There is currently no overall estimate of the number of startups that have had to put things on halt. “You can just see that those who were already in advanced stages and who have money abroad are doing better than others,” the entrepreneur added.
However, this unfavorable situation has not been enough to discourage the supportive ecosystem for Lebanese startups, said Berytech, which published a strategic report on May 14 about the sector’s issues. Produced in collaboration with the Cooperation Platform for Economic Development in the Mediterranean (ANIMA) and under the initiative called The Next Society, which is active in seven Mediterranean countries, the document includes a list of 29 “concrete recommendations” to “stimulate the transfer and commercialization of technologies in Lebanon.” The authors of the report have already communicated their findings, especially on social networks.
In addition to the state and its institutions, which are invited to strengthen cooperation with the private sector, these tracks are aimed primarily at five private universities – the American University of Beirut, St. Joseph’s University, the Lebanese-American University, Balamand University and the Holy Spirit University of Kaslik – which Berytech is asking to “revolutionize” the process of technology transfer. The report also calls on the government to finally invest in the sector with the aim of propelling the “knowledge economy” to the forefront of the Lebanese scene.
McKinsey Plan
Last September, the BOL’s governor estimated that the digital and technology startup sector was worth nearly $1 billion and contributed 1.5% to the gross domestic product (GDP).The development of innovation, also known as the “knowledge economy,” has regularly been proposed as one of the possible alternatives to transform the Lebanese economy into a more productive model.
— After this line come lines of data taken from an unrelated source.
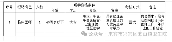 原文標(biāo)題:來(lái)賓市興賓區(qū)五山鎮(zhèn)衛(wèi)生院公開招聘編制外聘用人員公告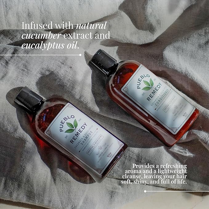 - SHOWER ESSENTIALS: Infused with soothing cucumber and revitalizing eucalyptus oil, this pH-balanced conditioner transforms every shower into a ritual of renewal. For best results, pair with the Pueblo Remedy Cucumber & Eucalyptus Shampoo.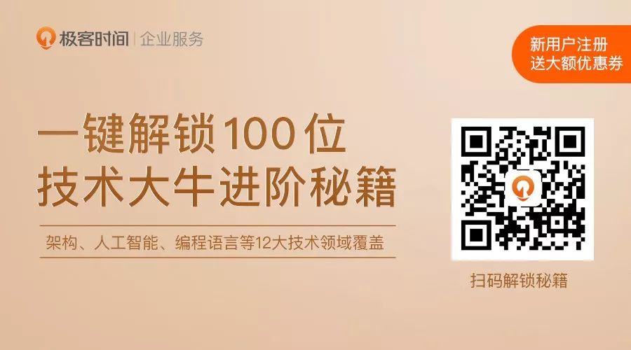 2019年超100位技术大牛将结合自己的积累和思考,分享他们的进阶秘籍,还有架构、前端等领域的干货内容,通过极客时间企业账号为团队制定学习计划还有福利。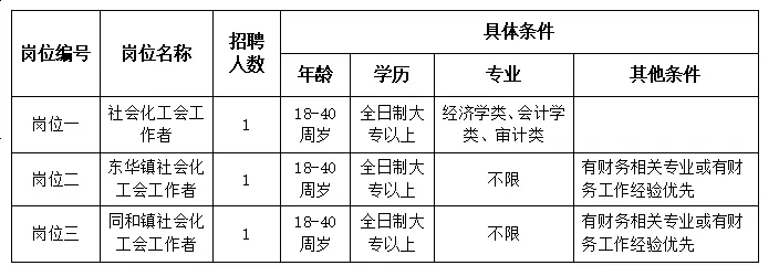 (五)具有全日制大專以上文化程度,年齡18-40周歲,性別不限;崗位一專業(yè)必須為經(jīng)濟學(xué)類、會計學(xué)類、審計類專業(yè);崗位二、崗位三專業(yè)不限,同等條件下,有財務(wù)相關(guān)專業(yè)或有財務(wù)工作經(jīng)驗優(yōu)先;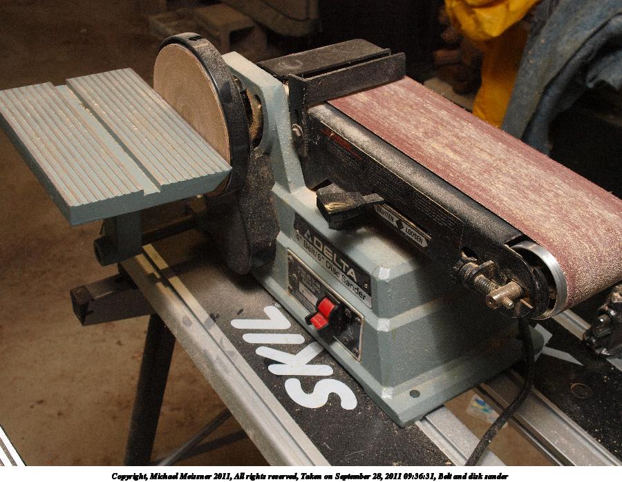 Picture #71: Belt and disk sander Small: 900x698, 133,102 bytes (130K), (html file) Large: 3600x2700, 3,745,766 bytes (3.6M), (html file) Copyright, Michael Meissner 2011, All rights reserved Olympus E-3 camera with Olympus 14-54mm f/2.8-3.5 lens f/8.0, ISO 640, Metz 48 flash (+0.3 flash compensation), 1/60 sec, 22.0mm, aperture priority, vivid color, SHQ, matrix metering, continous focus, IS1 (All Direction Shake IS), noise filter low 35mm equivalent focal length 44.0mm Extra equipment used: Metz 48 flash Programs used: raw therapee Taken by Michael Meissner on September 28, 2011 09:36:31 Last modified on September 28, 2011 at 10:47 |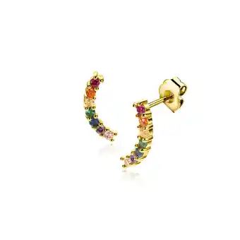 Nu in de aanbieding bij Zinzi: 10mm ZINZI gold plated zilveren oorknoppen met golfje bezet met regenboog kleurstenen ZIO2592✅ Actie geldig van 1-03 t/m 30-04.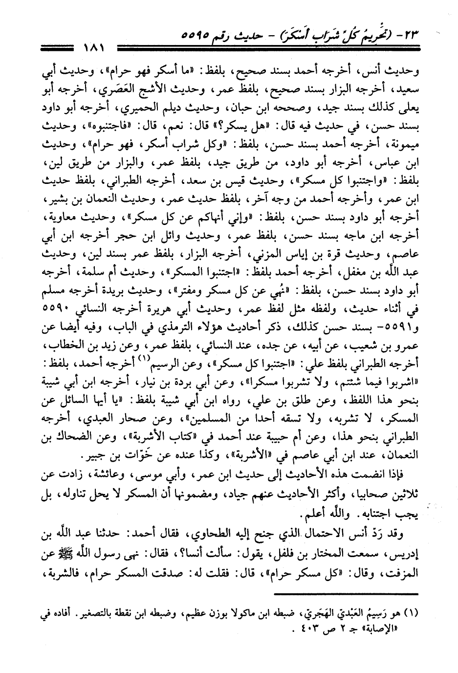 فإذا انضمت هذه الأحاديث إلى حديث ابن عمر، وأبي موسى، وعائشة، زادت عن ثلاثين صحابيا، وأكثر الأحاديث عنهم جياد، ومضمونها أن المسكر لا يحل تناوله، بل يجب اجتنابه. والله أعلم.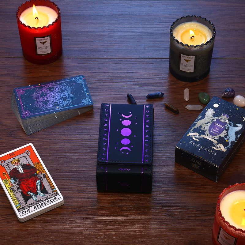 - Material - Made of comfortable PU leather with purple felt liner inside for better protection tarot cards set.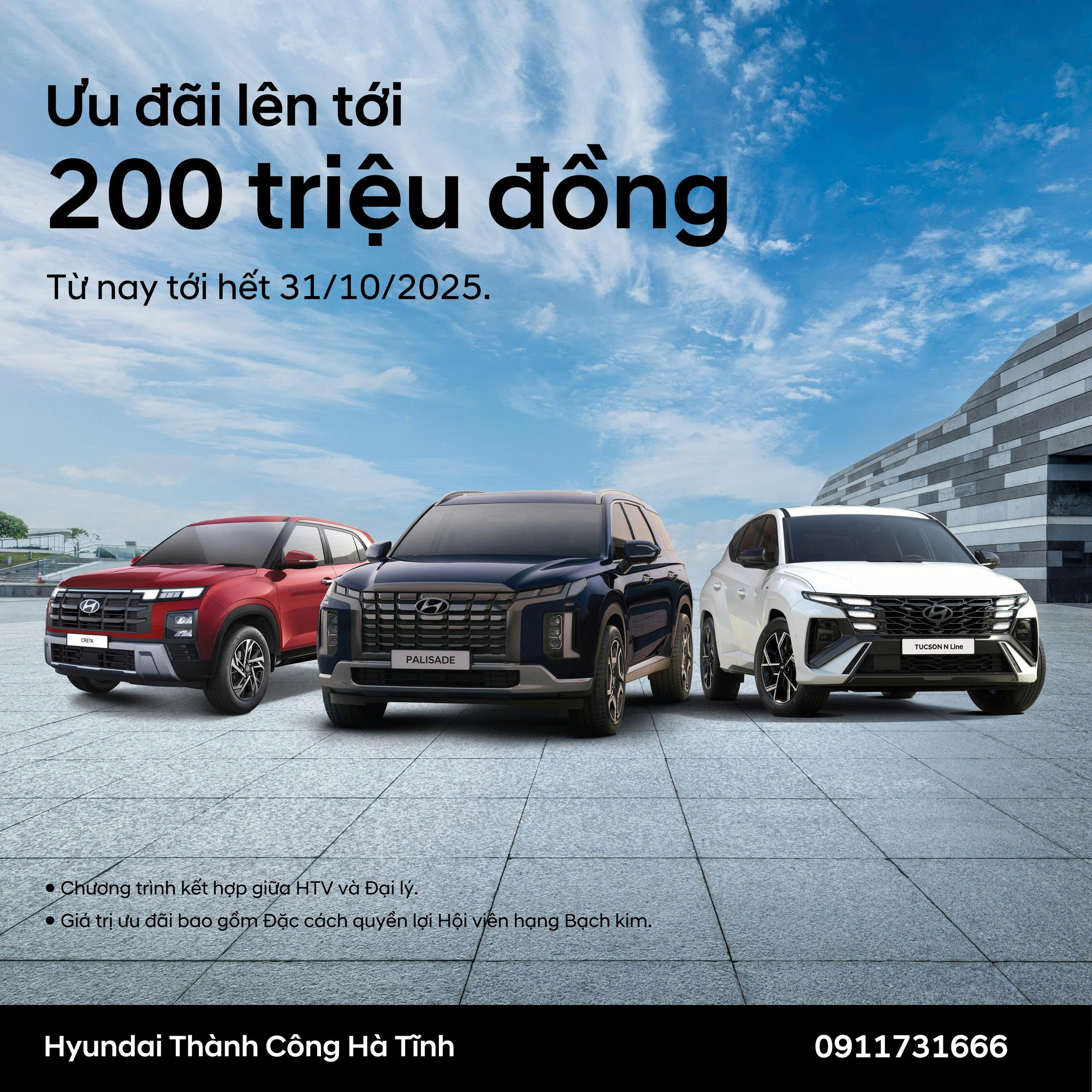Cụ thể, trong tháng 10, khách hàng khi chọn mua xe Hyundai Palisade, Hyundai Santa Fe, Hyundai Tucson, Hyundai Creta, Hyundai Accent, Hyundai Stargazer đều có cơ hội nhận được ưu đãi lên đến 200 triệu đồng, trong đó bao gồm quyền lợi Hội viên khách hàng Hyundai hạng Bạch Kim trị giá 10 triệu đồng.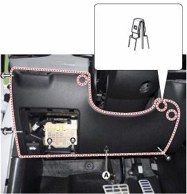 Armaturenbrett-Seitenverkleidung [LH] (A) mit einem Ausbauwerkzeug entfernen.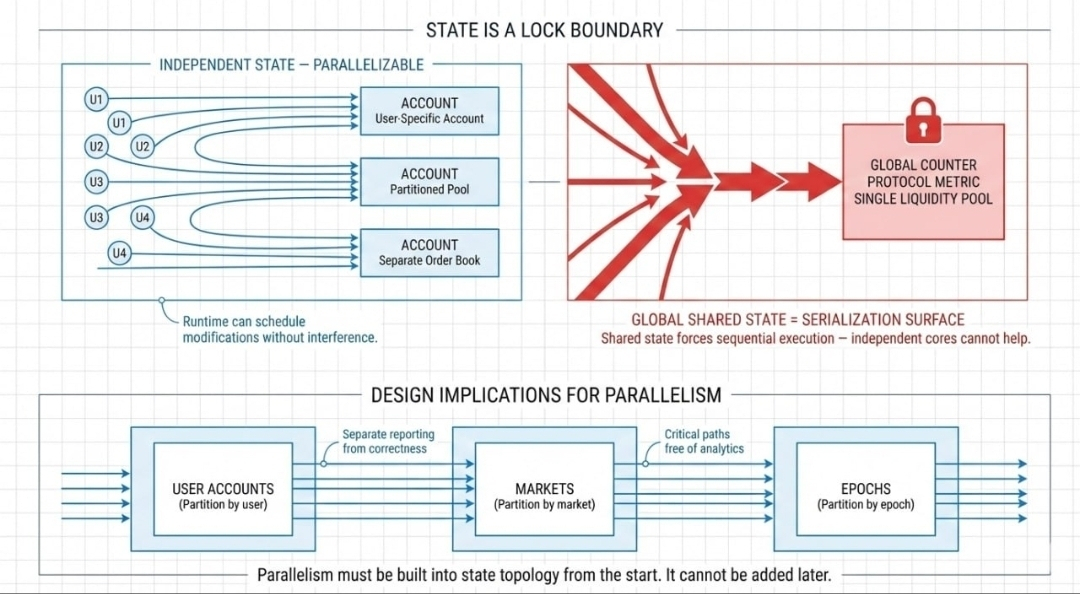 A implicação arquitetônica é severa: cada objeto compartilhado e gravável se torna uma superfície de serialização. Um contador global que é atualizado em cada negociação, uma métrica em todo o protocolo que é recalculada por interação. Há uma conta de pool de liquidez para todas as trocas. Quando o tráfego é baixo, essas escolhas de design parecem razoavelmente seguras. Quando o tráfego é alto, elas representam o limite superior da escalabilidade.

The government’s recovery plan devotes a few lines to it, but it was mainly the McKinsey & Company report, commissioned by Lebanon in early 2018 and published a year later, that considered the sector a major axis representing great potential for the country.
In its report, Berytech notes the country’s shortcomings in this area. Its authors cite, among other things, the lack of strong intellectual property protection regulations (a fact that is regularly pointed out by the US Trade Representative), the lack of funding sources dedicated to the creation of prototypes and the too marginal exchanges and partnerships with university alumni associations abroad. The lack of skills in certain areas (particularly experienced coders) is also problematic.
Regarding solutions, Berytech suggests, among other things, the creation of a scholarship fund for research, dedicated to Lebanese students and researchers in Lebanon and abroad, to encourage the creation and commercialization of prototypes. It also proposes allowing the Lebanese Industrial Research Achievements (LIRA) program to apply for international funding.
“Despite the crises, there is no time to lose!” the Berytech communications office told L’Orient-Le Jour. For Bitar, “the problem of the Lebanese ecosystem is above all a mentality problem. It wants to copy the American model while we would have to invent a local model, which ESA has developed. Cooperation at the Lebanese level is necessary for the sector to develop. But this is still far from being achieved in Lebanon.” Without fundamentally questioning Berytech’s approach, he suggested starting with convincing the state – if it succeeds in negotiating external aid after its discussions with the International Monetary Fund (IMF) and getting the country back on track – to start by investing $2 million a year to finance local startups.